Unlike conventional planar transistors that lay flat, tri-gate transistors use a three-dimensional fin that stands vertically from the silicon substrate. Orienting the transistors upright presents several benefits. For starters, Intel can cram more transistors into less space, which will be incredibly valuable as fabrication tech shrinks to 22nm and beyond.
In addition to doubling transistor density, the new design exposes three sides of the transistor to a gate instead of one. Transistors carry an electrical signal while gates control that flow by turning the current on and off. By increasing the surface area of the transistor that is touching the gate, it gains additional control over the flow of electricity.

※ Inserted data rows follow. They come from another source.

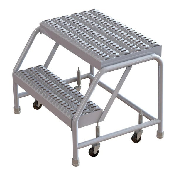 Tri-Arc 2-Step Aluminum Mobile Step Stool with Serrated Tread, 24" Wide Steps, and 14" Deep Top Step WLAR002245 - 350 lb. Capacity
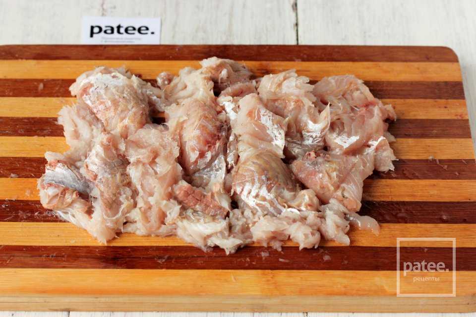 Снимаем кожу с филе хека и нарезаем мякоть небольшими кусочками.
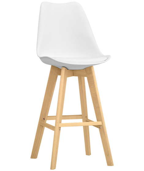 Si vous recherchez du confort et un design frais aux accents nordiques, nous vous proposons ce tabouret avec dossier, hauteur d'assise 74 cm. Fabriqué avec des pieds en bois de hêtre massif et une coque confortable en polypropylène et coussin en éco-cuir. Ci-dessous, la chaise de la même gamme à assortir.
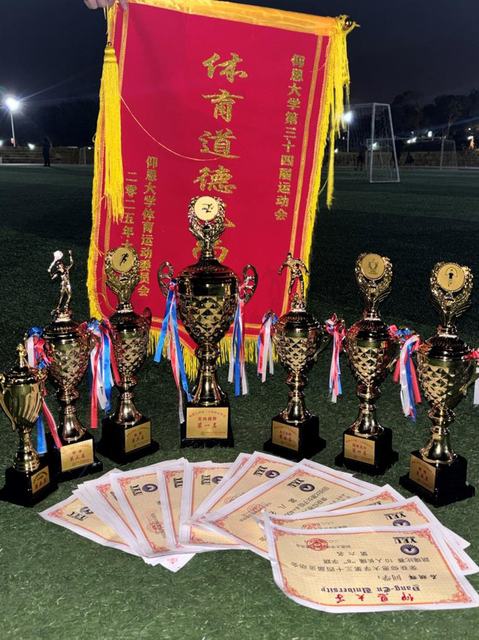 田赛赛场同样精彩。风拂过绿茵,吹动健儿发丝,他们心中唯有“为荣誉而战”的信念。沙坑中沙粒翻滚,缓冲垫上身影跃动,选手们拼尽全力挑战自我:刘炜获男子跳远季军,张文拿下男子跳高第五名、标枪第七名,韩哲获男子三级跳远第八名;叶鑫瑶获女子跳高第六名,丘烨华获女子标枪第六名,每一处赛场都留下他们全力以赴的身影。团队项目中,定向越野一举夺魁,展现了团队精准的策略与高效配合;网球项目斩获季军,队员们每一次挥拍都凝聚着必胜决心,奖牌成为他们实力与默契的最佳见证。
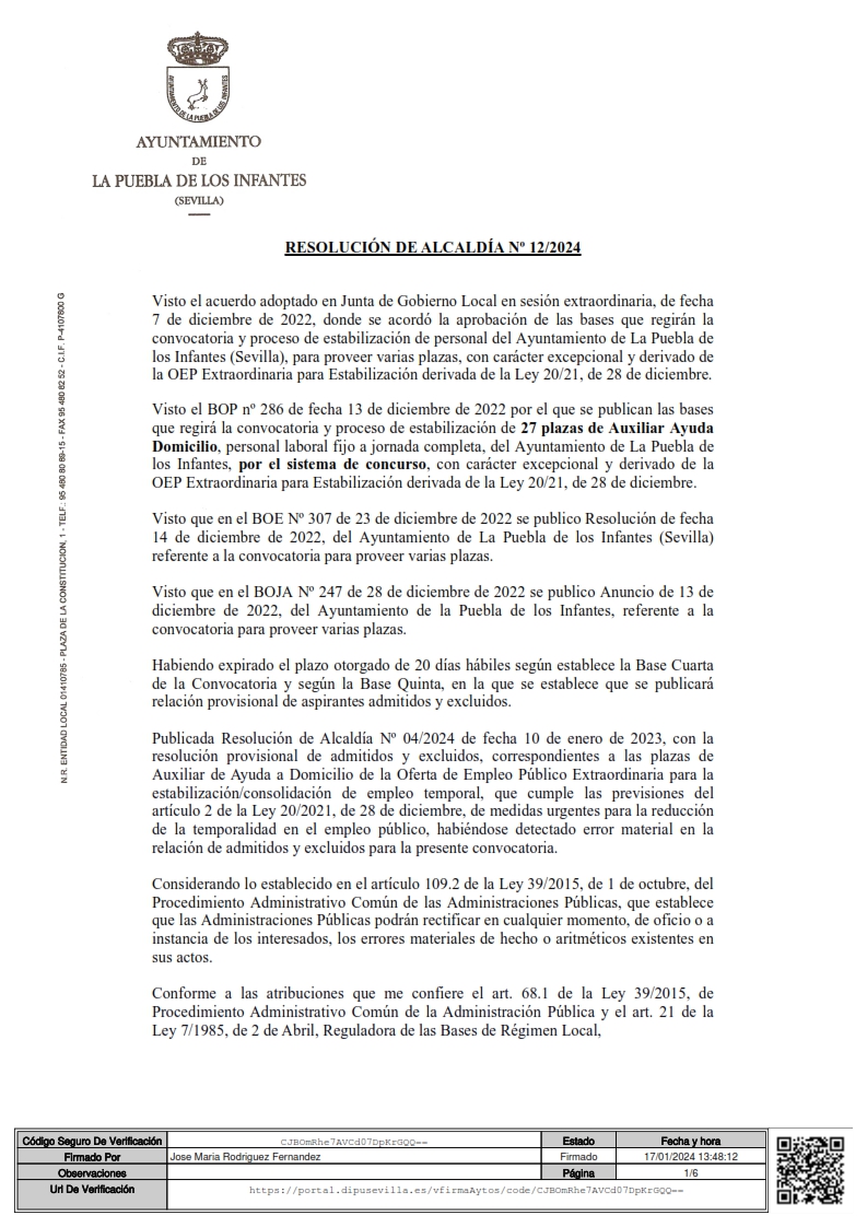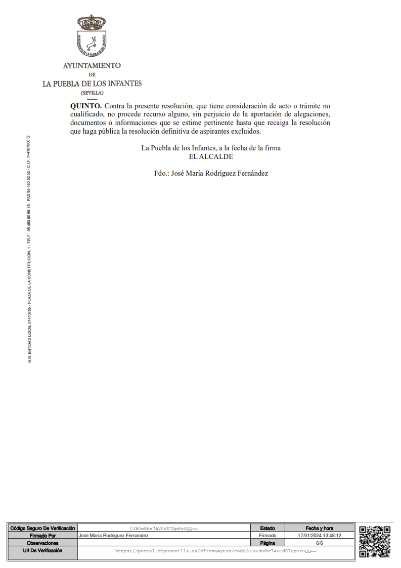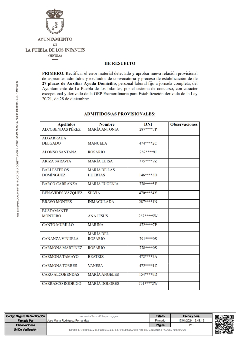 Imagen Imágenes Ubicación Categoría noticia Empleo Mostrar en el carrusel de la sección No Fecha Mié, 17/01/2024 - 14:21 Más información http://www.lapuebladelosinfantes.es/es/actualidad/noticias/Relacion-provisional…
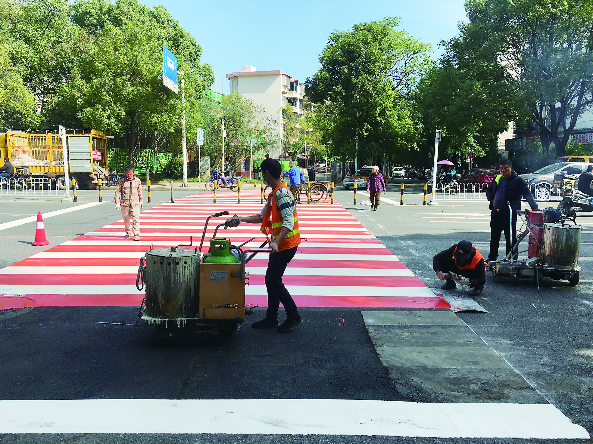 本报讯(株洲晚报融媒体记者/刘平)11月9日,天元区牛形山路与黄河南路交叉路口,施工人员将斑马线刷成红白相间的颜色,非常亮丽显眼。
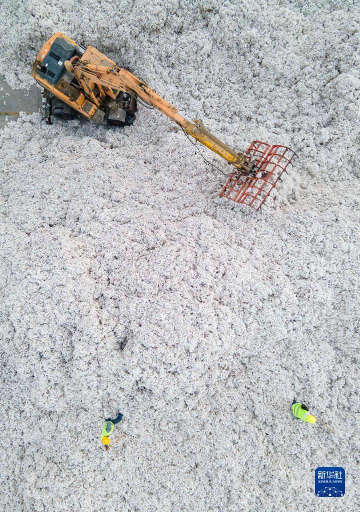 新疆沙灣市一家棉花收購廠(chǎng)的工人整理剛收購的新棉(10月20日攝,無(wú)人機照片)。新華社記者 胡虎虎 攝
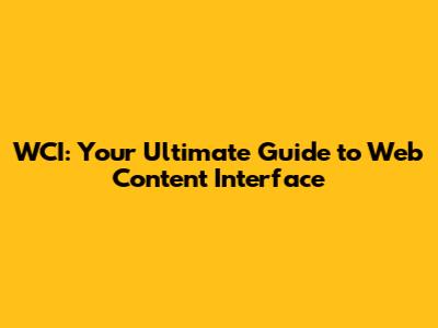 WCI: Your Guide To Web Content Interface
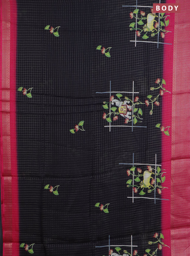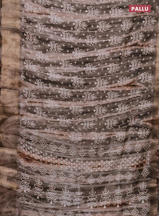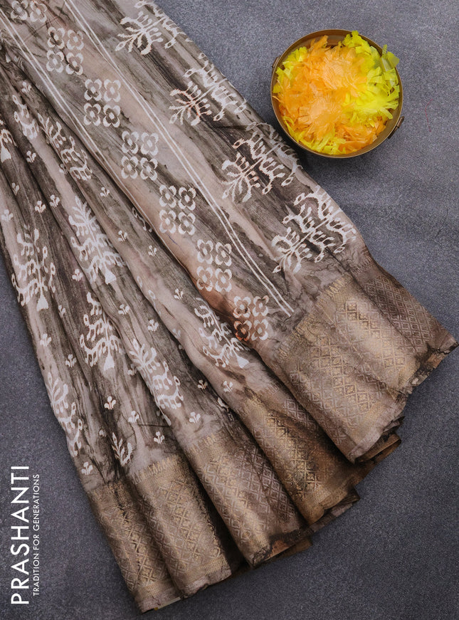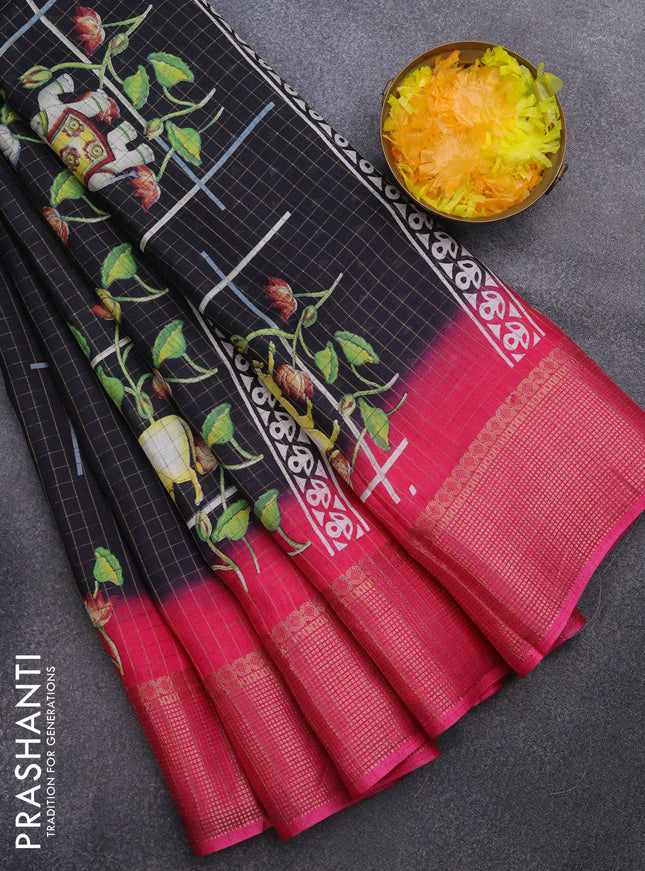Semi dola saree black with allover prints and z...
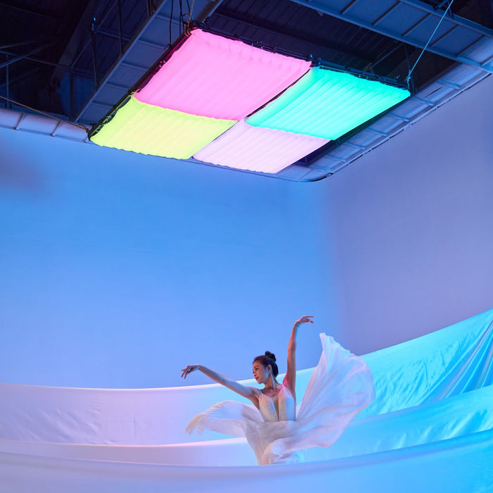 The KNOWLED RGB F-Series comes in five sizes, all compatible with industry-standard diffusion fabrics and truss systems. These sizes can be combined to create custom lighting setups, and each one folds down for easy storage and transport. The sizes include:

The video above does an excellent job of breaking things down. All you really need to know is that the company expects 22nm chips with tri-gate transistors to reduce power consumption by more than 50% with 37% more performance than Intel's existing 32nm technology. New 22nm tri-gate wafers should be cheaper to produce, as well.
"The performance gains and power savings of Intel's unique 3-D Tri-Gate transistors are like nothing we've seen before," said Intel's Mark Bohr. "This milestone is going further than simply keeping up with Moore's Law…We believe this breakthrough will extend Intel's lead even further over the rest of the semiconductor industry," Bohr continued.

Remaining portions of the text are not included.